How to complete this task —
Starting at the line with "为进一步完善知识产权纠纷多元", copy each line through the last one below exactly as written, without any pictures.

Data below —

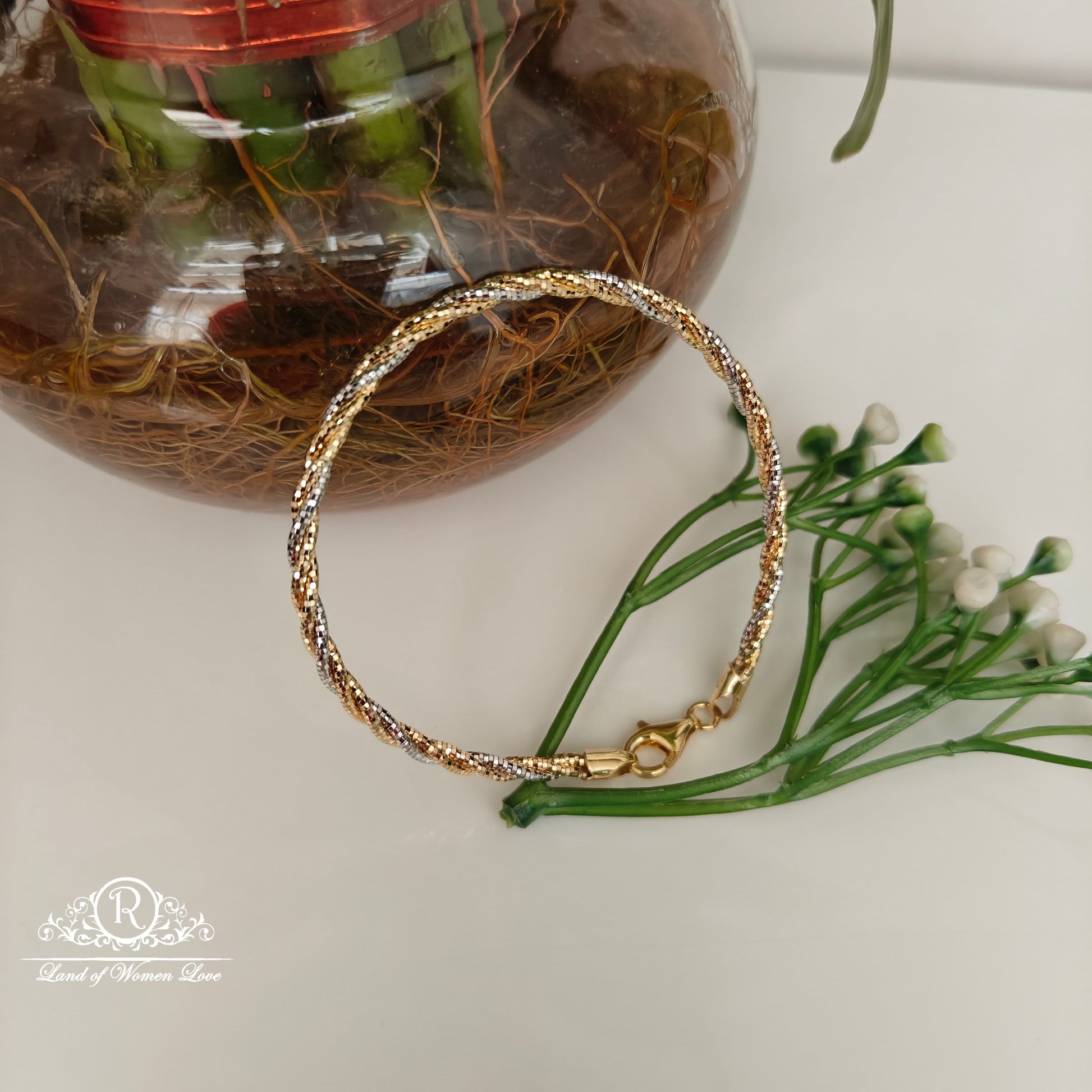 92.5 Silver two tone gold and silver polish bracelet 6 inches length desgin by RAMALA COLLECTIONS
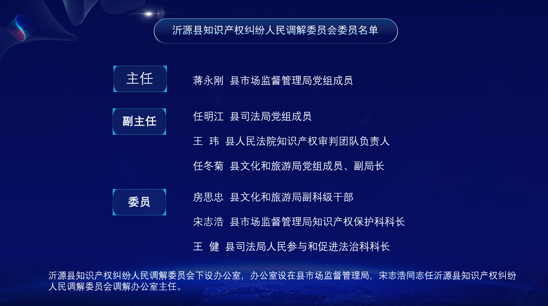 为进一步完善知识产权纠纷多元解决机制,加强行业性、专业性知识产权纠纷人民调解组织建设,营造我县良好营商环境,推进知识产权大保护格局的构建,经研究,决定设立沂源县知识产权纠纷人民调解委员会。
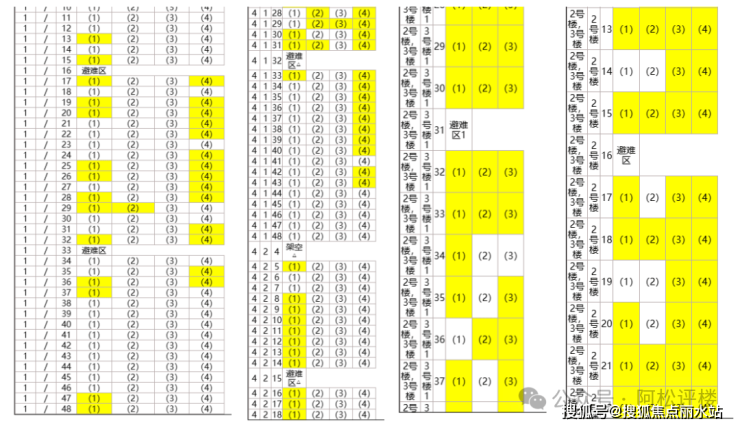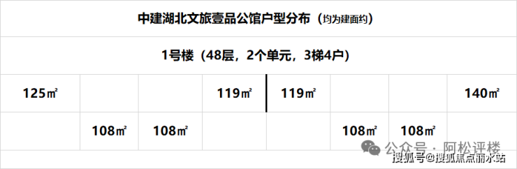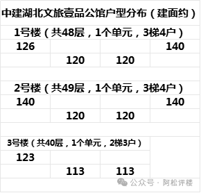 1号楼48层,1个单元,3梯4户;2号楼49层,1个单元,也是3梯4户;3号楼40层,1个单元,2梯3户。

Solution to the exercise —
 为进一步完善知识产权纠纷多元解决机制,加强行业性、专业性知识产权纠纷人民调解组织建设,营造我县良好营商环境,推进知识产权大保护格局的构建,经研究,决定设立沂源县知识产权纠纷人民调解委员会。
 1号楼48层,1个单元,3梯4户;2号楼49层,1个单元,也是3梯4户;3号楼40层,1个单元,2梯3户。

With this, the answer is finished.